╭──

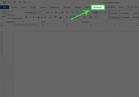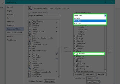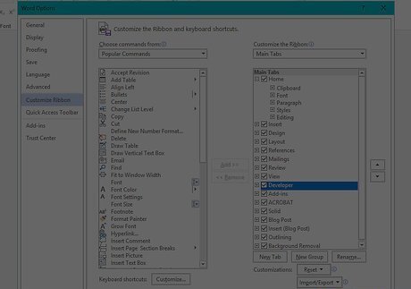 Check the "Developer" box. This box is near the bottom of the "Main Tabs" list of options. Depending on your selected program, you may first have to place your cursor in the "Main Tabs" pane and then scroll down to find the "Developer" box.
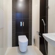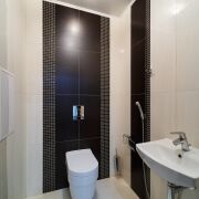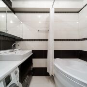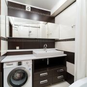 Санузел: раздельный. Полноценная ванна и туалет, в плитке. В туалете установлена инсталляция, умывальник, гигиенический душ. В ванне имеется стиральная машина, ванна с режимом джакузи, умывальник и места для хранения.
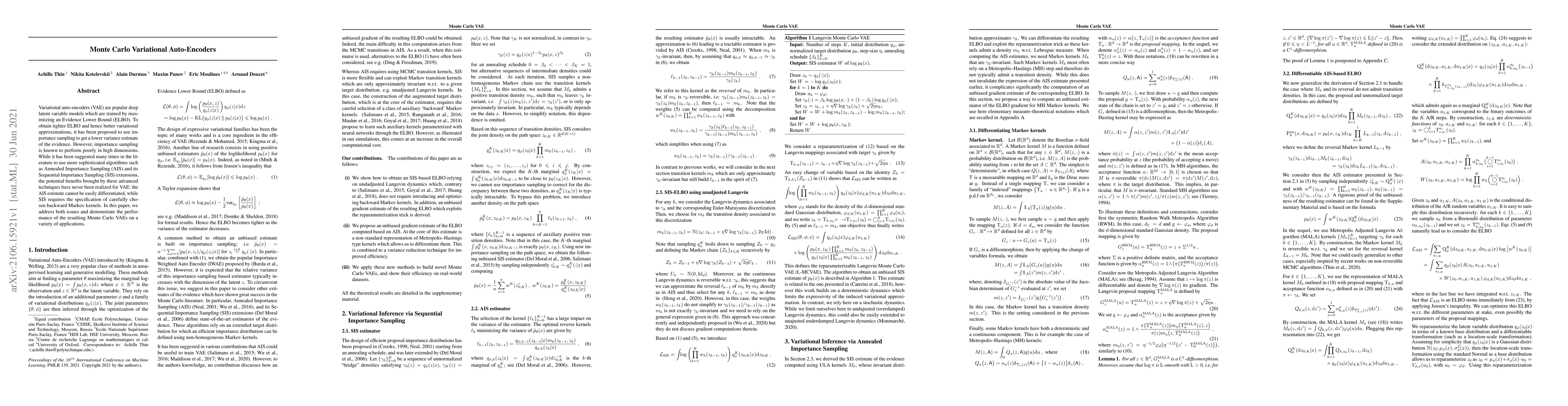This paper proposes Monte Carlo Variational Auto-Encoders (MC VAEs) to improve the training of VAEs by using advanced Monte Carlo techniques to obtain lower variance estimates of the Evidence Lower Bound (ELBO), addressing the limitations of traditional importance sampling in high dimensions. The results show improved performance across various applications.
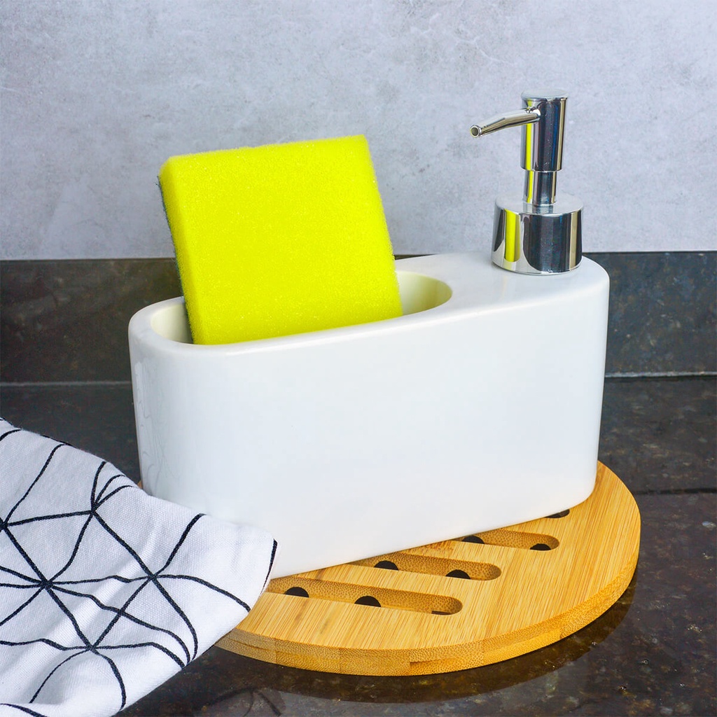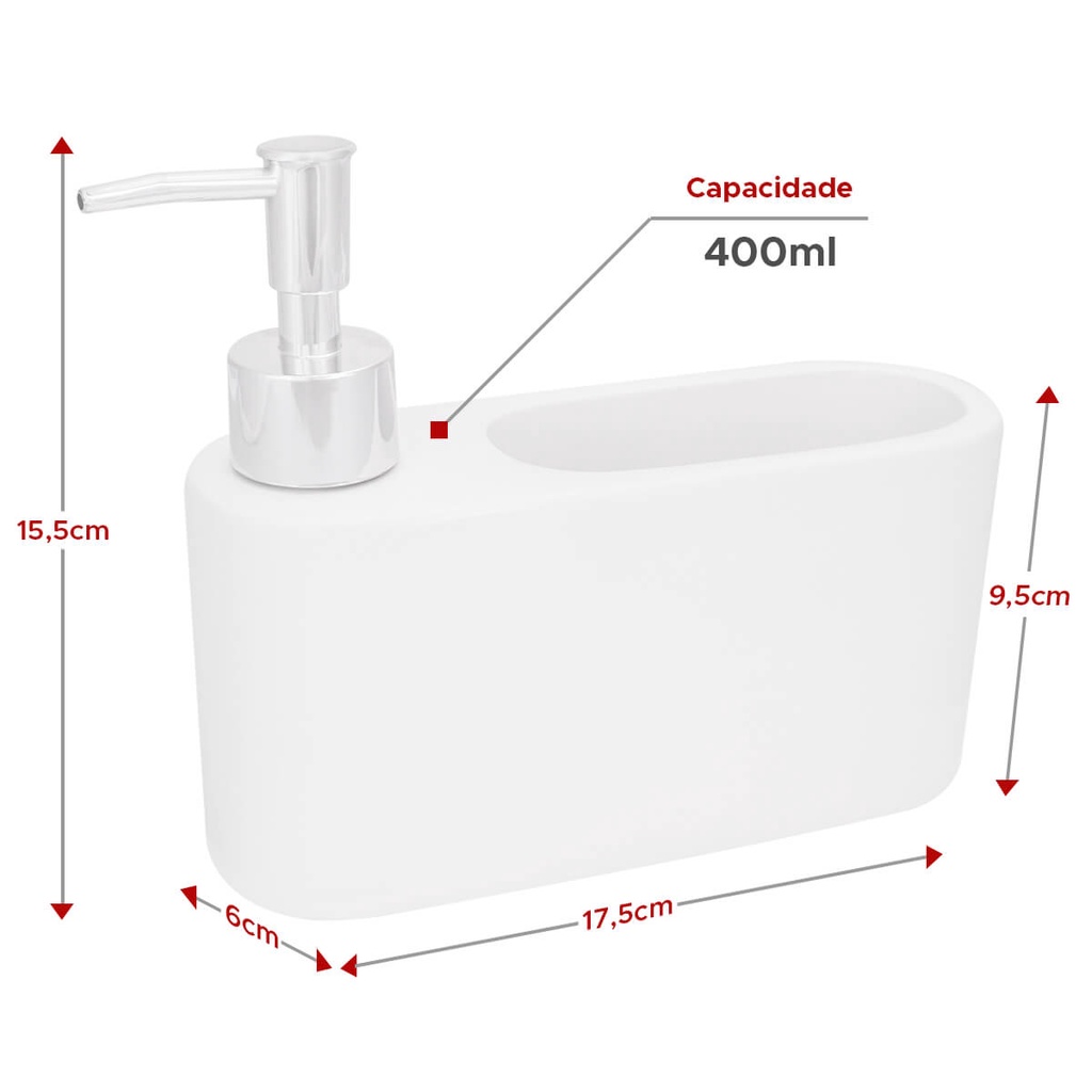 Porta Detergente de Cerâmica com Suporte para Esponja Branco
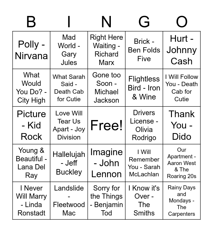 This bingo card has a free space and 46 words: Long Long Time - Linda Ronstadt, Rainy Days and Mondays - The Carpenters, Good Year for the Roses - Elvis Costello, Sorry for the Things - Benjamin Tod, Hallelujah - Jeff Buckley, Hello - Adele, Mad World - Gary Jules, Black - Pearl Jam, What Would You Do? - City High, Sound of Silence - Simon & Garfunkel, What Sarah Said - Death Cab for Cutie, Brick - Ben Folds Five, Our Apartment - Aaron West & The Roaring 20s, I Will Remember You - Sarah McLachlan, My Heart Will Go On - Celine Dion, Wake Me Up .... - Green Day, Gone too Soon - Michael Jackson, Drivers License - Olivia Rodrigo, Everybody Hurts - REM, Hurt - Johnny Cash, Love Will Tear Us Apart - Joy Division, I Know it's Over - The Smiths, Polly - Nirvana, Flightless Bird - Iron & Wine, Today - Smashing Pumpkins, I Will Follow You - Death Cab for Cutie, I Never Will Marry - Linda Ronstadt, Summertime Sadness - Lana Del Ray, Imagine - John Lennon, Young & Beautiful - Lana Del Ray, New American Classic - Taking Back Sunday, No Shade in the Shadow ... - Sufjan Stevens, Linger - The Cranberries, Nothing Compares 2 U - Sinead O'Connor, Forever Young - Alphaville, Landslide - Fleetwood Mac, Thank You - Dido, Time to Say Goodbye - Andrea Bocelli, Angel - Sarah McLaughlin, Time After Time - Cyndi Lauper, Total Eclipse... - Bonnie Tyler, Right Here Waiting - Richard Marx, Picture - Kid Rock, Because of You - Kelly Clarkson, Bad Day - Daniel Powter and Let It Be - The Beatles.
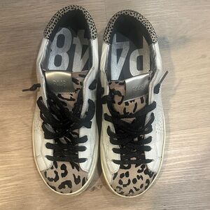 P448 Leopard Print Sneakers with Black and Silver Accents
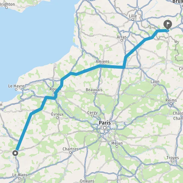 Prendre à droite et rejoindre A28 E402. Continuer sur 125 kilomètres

╰──

» Task description
Excerpt from the records above: set down only the lines from the one that contains "Санузел: раздельный. Полноценная" through the one that contains "Porta Detergente de", inclusive, word for word. Pictures stay out.

» Problem solution
 Санузел: раздельный. Полноценная ванна и туалет, в плитке. В туалете установлена инсталляция, умывальник, гигиенический душ. В ванне имеется стиральная машина, ванна с режимом джакузи, умывальник и места для хранения.
This paper proposes Monte Carlo Variational Auto-Encoders (MC VAEs) to improve the training of VAEs by using advanced Monte Carlo techniques to obtain lower variance estimates of the Evidence Lower Bound (ELBO), addressing the limitations of traditional importance sampling in high dimensions. The results show improved performance across various applications.
 Porta Detergente de Cerâmica com Suporte para Esponja Branco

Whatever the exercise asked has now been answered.